▶ [WHAT THE TASK REQUIRES]:
Without any images, write the data out exactly as it appears.
── DATASET ENTRIES ──
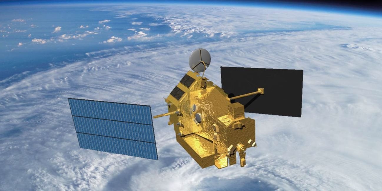 Figure 9. Artistic rendering of the Tropical Rainfall Measuring Mission (TRMM) in space over a hurricane. TRMM was launched in 1997 and remained in operation until 2015. The satellite was designed to improve our understanding of the distribution and variability of precipitation within the tropics as part of the water cycle in the current climate system.
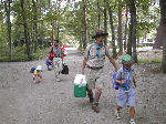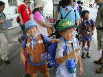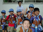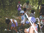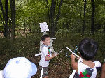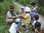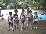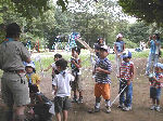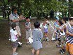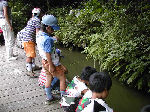 | 【 !!(;`O´)o/ ̄ ̄ ̄B~ >゚))))彡釣り 】 川に行って、葉っぱの船を作りました。作り方はボーイ隊の大谷隊長が・・・! いよいよ始まる『ザリガニ釣り』でも、なぜかお母さんの方が燃えてないかい? |
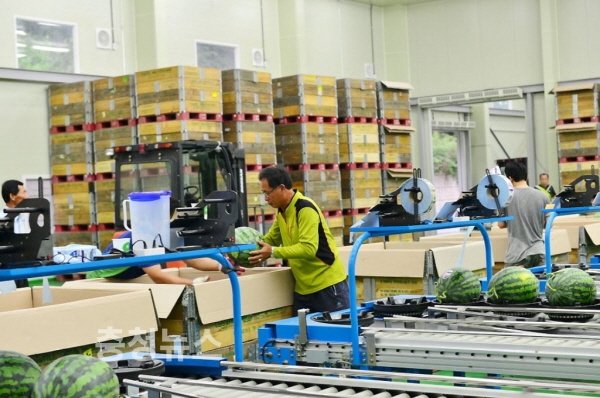 충남 논산시농업기술센터(소장 이재식)는 논산수박연구회영농조합(대표 이정구)에서 운영하고 있는 APC(농산물산지유통센터)에서 비파괴 당도선별기를 이용한 ‘예스민 논산수박’이 이마트, 가락동 농수산물시장 등으로 지난 25일부터 본격적인 출하를 시작했다고 밝혔다.
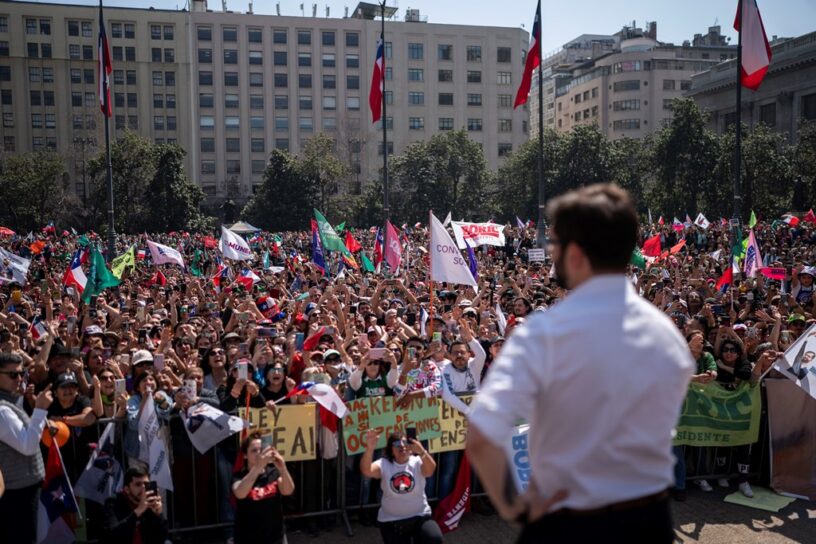 Santiago de Chile, 30 sep (Prensa Latina) Miles de chilenos se concentraron hoy en la Plaza de la Constitución para apoyar el programa del Gobierno del presidente Gabriel Boric, en momentos en que la derecha frena reformas como la tributaria y la de pensiones.
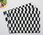 This runner features a black diamond check design woven into soft cotton, great for formal or everyday dining. Ideal for 4-seater settings
───
▶ [RESULT OF THIS EXERCISE]:
 Figure 9. Artistic rendering of the Tropical Rainfall Measuring Mission (TRMM) in space over a hurricane. TRMM was launched in 1997 and remained in operation until 2015. The satellite was designed to improve our understanding of the distribution and variability of precipitation within the tropics as part of the water cycle in the current climate system.
 | 【 !!(;`O´)o/ ̄ ̄ ̄B~ >゚))))彡釣り 】 川に行って、葉っぱの船を作りました。作り方はボーイ隊の大谷隊長が・・・! いよいよ始まる『ザリガニ釣り』でも、なぜかお母さんの方が燃えてないかい? |
 충남 논산시농업기술센터(소장 이재식)는 논산수박연구회영농조합(대표 이정구)에서 운영하고 있는 APC(농산물산지유통센터)에서 비파괴 당도선별기를 이용한 ‘예스민 논산수박’이 이마트, 가락동 농수산물시장 등으로 지난 25일부터 본격적인 출하를 시작했다고 밝혔다.
 Santiago de Chile, 30 sep (Prensa Latina) Miles de chilenos se concentraron hoy en la Plaza de la Constitución para apoyar el programa del Gobierno del presidente Gabriel Boric, en momentos en que la derecha frena reformas como la tributaria y la de pensiones.
 This runner features a black diamond check design woven into soft cotton, great for formal or everyday dining. Ideal for 4-seater settings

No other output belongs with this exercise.